Но о чем же книга? Религия празднует победу. На месте США возникает протестантская Республика Галаад, страшное место, где преследуются все: иноверцы, женщины, даже властная номенклатура – командоры – и те отнюдь не свободны. У главной героини отняли даже имя, ее сделали рабыней; она обязана рожать детей, ее репродуктивная функция не принадлежит ей, а является собственностью государства. Запрещено все, кроме одной торжествующей конфессии. А когда-то героиня жила иначе. Была работа в библиотеке, был любимый муж, была любимая дочь, была мама, отчаянная феминистка, над активностью которой немного подтрунивали. А теперь подтрунивать вовсе не хочется, мать послали на уборку радиоактивных отходов, мужа убили, дочь отняли и отдали на воспитание «надежным гражданам». А начиналось все как-то даже и незаметно. Девочка переключала каналы, искала мультики, иногда попадала на «Евангельский час для маленьких душ», который вела блондинка Яснорада. А потом Яснорада «…толкала речи. Это у нее выходило блестяще. О святости жилища, о том, что женщинам следует сидеть дома…» И: «…Люк считал, что она забавна. Я только притворялась, что согласна. Вообще-то она чуточку пугала. Она была серьезна»10 . Молодая женщина боялась, но бездействовала. А когда уже не было возможности бездействовать, она попыталась спасти свою семью, бежать, но было уже поздно…
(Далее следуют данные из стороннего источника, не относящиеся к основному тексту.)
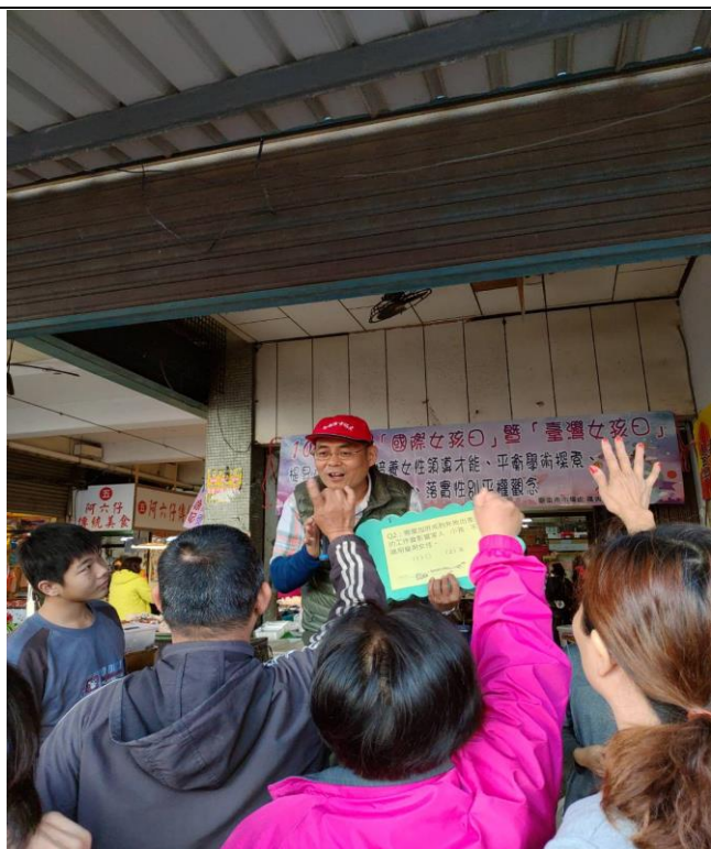
向民眾宣導提昇女孩自尊、培養女性領導才能、重視身心健康、落實性別平權觀念

Героини повести Маши Трауб – тоже вполне обыкновенные женщины. Повесть называется «Глянец», ну, и героини, соответственно, работают в так называемом гламурном журнале. И происходит что-то не то. Катя пришла в редакцию и видит, что помещение… освящают!
«… – Катя, вы, по-моему, не понимаете, нас сглазили, нам нужно благословение Божье…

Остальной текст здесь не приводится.